Иван умел судить собственные поступки. И чем строже он начинал спрашивать с самого себя, тем шире у него открывались глаза на окружающих, и тогда он замечал много нового, на чем раньше даже не задерживал взгляда.
…Как-то после удачно сданного экзамена заочники сельхозинститута устроили в общежитии на скорую руку пирушку. Разговор покатился по обычному руслу: сначала анекдоты, потом «за жизнь» и наконец – о болячках.
– Чего рассусоливать, раз жизнь поганая пошла! – горячился сосед Ивана по комнате, главный инженер колхоза, напористый, разбитной парень. – Кто я, инженер? Нет, доставала. Выбить, выпросить, украсть. Хорошо, что в городе с мясом туго, а то бы вообще ничего не достать. Под стол коровью ляжку, а на стол накладную. Тогда с тобой будут разговаривать. Вконец оборзели. У нас в колхозе новую кладовщицу назначили – девочку после школы. Отпускает мне мясо и спрашивает: «Евгений Алексеевич, неужели вы его все съедите?» – «Милушка, – говорю ей, – если бы все мясо, какое выписываю, ел, я бы уже ростом со слона был».

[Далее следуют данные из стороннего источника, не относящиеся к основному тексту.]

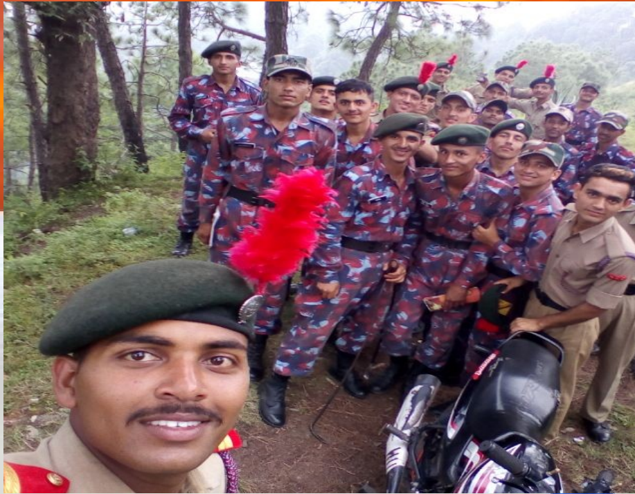
Camp : CATC-200 (COMBINED ANNUAL TRAINING CAMP)

Date : 05 th Sept, 2016- 14 th Sept, 2016
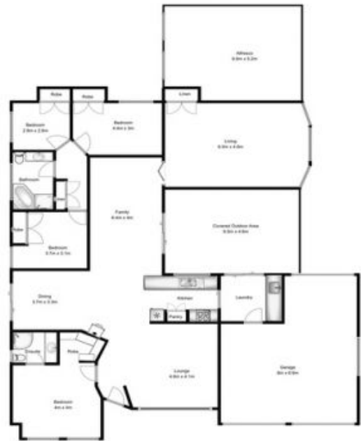
33 Mylora Street Hill Top Total Approx. Floor Area 378.3 SQ.M

Open2view used the best endeavors to make the information on this floor plan accurate and true. Unit area if shown are approximate only.
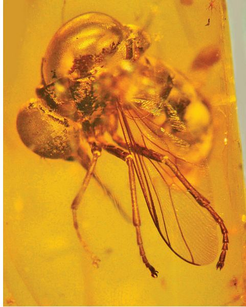
Figure 2. Eulonchiella eocenica Meunier (Baltic Amber). Body length = ca. 4.5 mm.

tapered and faint towards margin; cell m_3 absent; CuA_1 joining M_3 and petiolate, not reaching wing margin; CuA_2 fused to A_1 , not reaching wing margin, petiolate; abdomen smooth, shape rounded, cylindrical, similar width to thorax.
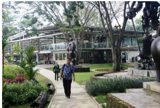
Figure 3 Eco Art Park, Green House, Sentul City, Bogor as the Venue of Anugerah Bambu Indonesia 2013
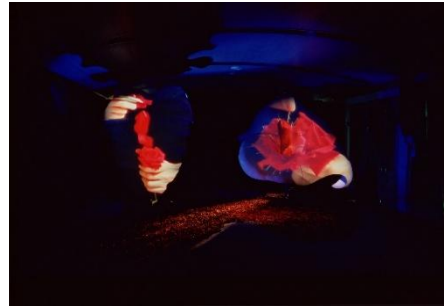
10 Still Life (1993–2000)

This film depicts the struggles of an artist couple, focusing on the protagonist, who is overwhelmed by household chores and assisting her husband with his work, as she resists being oppressed and seeks to reclaim her own artistic practice. The film features Idemitsu's installation Still Life (1993–2000). By combining techniques explored in her previous works, such as the projecting of images onto objects, this work represents a culmination of her artistic practice.
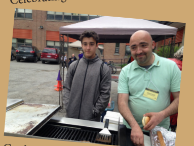
Cooking burgers at a school event
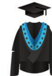
Master of Research
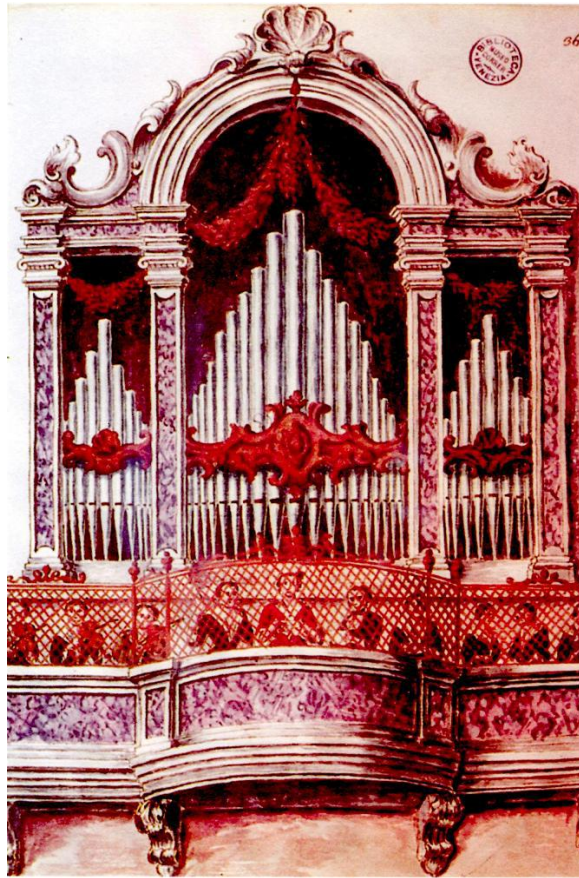
Figure 3. A performance at the Pietà during the eighteenth century – violinists on left. 75

not do musically are a testament to the perceived power that music and the concept of musical freedom carried. 74
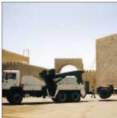
PK 55000 T
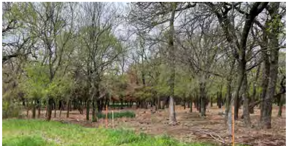
Denton County has spent an estimated $107,925 on maintenance on the historic Black cemetery and more than 52 hours of employee time since January 2023..

St. John Cemetery is located at Hub Clark Rd, Pilot Point, TX 76258.
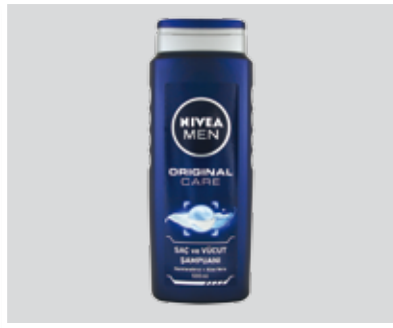
A9 Doga Nivea Original Care

Невесело посмеялись и молча согласились. Верно ведь говорил.
А утром Евгений достал из-за окна объемистый целлофановый пакет и стал его укладывать в спортивную сумку.

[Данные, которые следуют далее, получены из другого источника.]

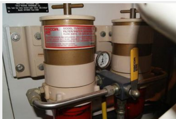
334 Stbd Racor & Guage
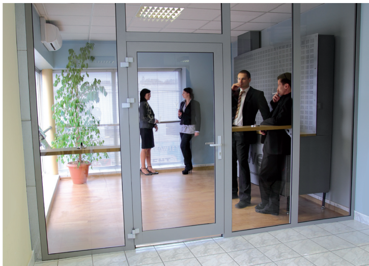
Arrangement example of the SMOKE ABSORBER in a special space within a building
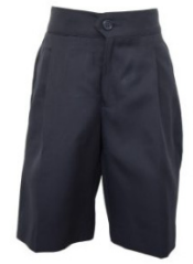
Shorts junior elastic waist
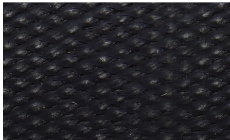
Bottom Cover View
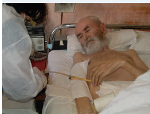
A Home Care staff person assisting a client

Home Care serves approximately 400 people with medical needs each year. Many of these people are lonely with no one else to provide adequate care. Some are terminally ill. Regular visits by Home Care staff help relieve loneliness and meet medical needs. In addition to providing for physical needs, staff
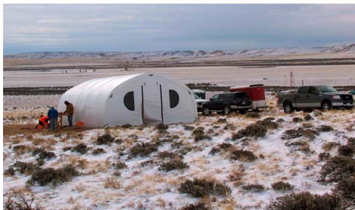
The Institute's new weatherport.

The metal frame Weatherports donated by Metcalf Consultants are of two sizes, one is 20' x 20' (6 x 6 m) and the other is 20' x 25' (6 x 8 m). Thus each can accommodate an excavation block of significant size. The metal frames are covered with heavy duty, vinylized covers that can withstand various harsh weather conditions of the Rocky Mountain region. These sturdy structures are designed for year round use. The Weatherports significantly improve the Institute's field capabilities.
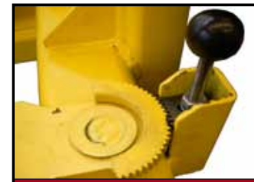
Lock Release Gears

– Куда спозаранку? – спросил его Иван.
– Да преподавателю надо сунуть, у меня же хвост еще за прошлый год.
Иван ошарашенно глядел и даже не знал, что сказать. Только потом уже додумывал: да ведь никто нам такие штучки не завез со стороны. Мы их сами посадили и вырастили. Сами. А значит, и кивать головой по сторонам не имеем права.
Все-таки странно, почему именно такие мысли приходили сейчас, когда надо бы думать о другом. А может, именно они и нужны?

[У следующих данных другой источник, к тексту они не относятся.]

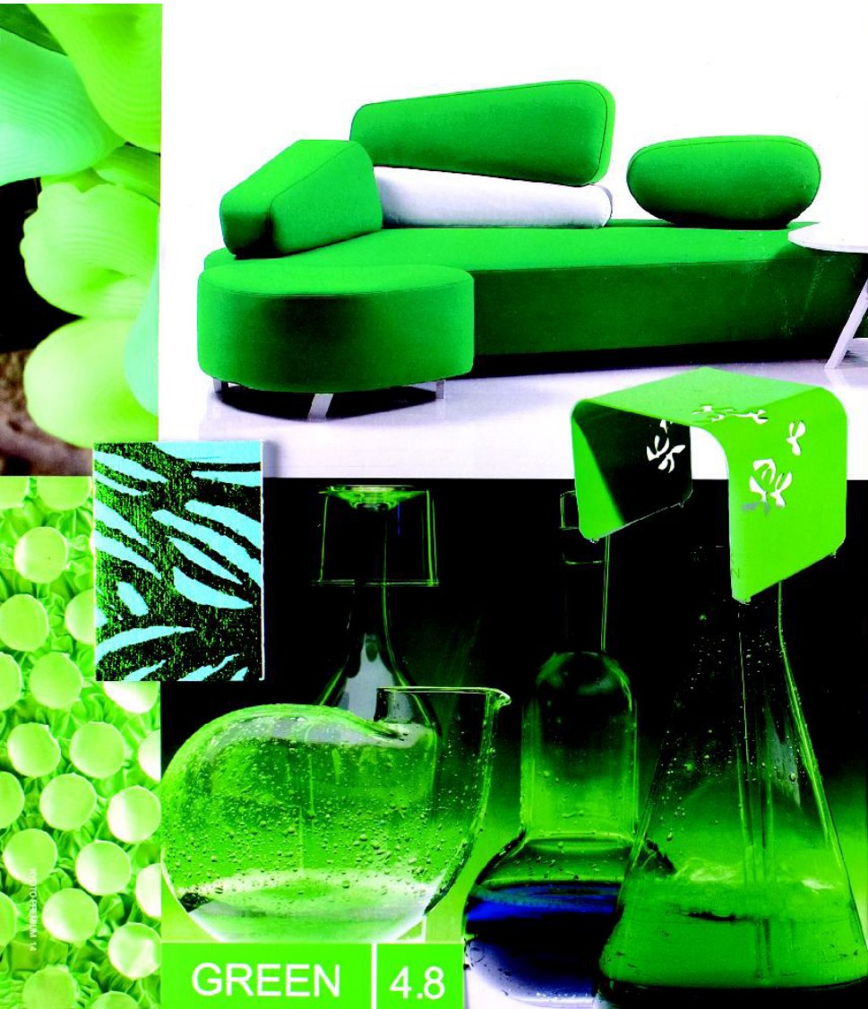
GREEN | 4.8

Иван вытер о брюки пыльный циферблат часов, посмотрел – время обедать. А Евсея Николаевича еще не видно. Запаздывает сегодня. Иван огляделся.
Три комбайна, не останавливаясь, размеренно двигались по полю. Оно заметно уменьшилось. Душа наполнялась радостью. Нисколько не сомневаясь, Иван твердо знал, что такую же радость, наполовину с вяжущей тело усталостью, испытывают сейчас Федор, Огурец и Валька. Не могут не испытывать.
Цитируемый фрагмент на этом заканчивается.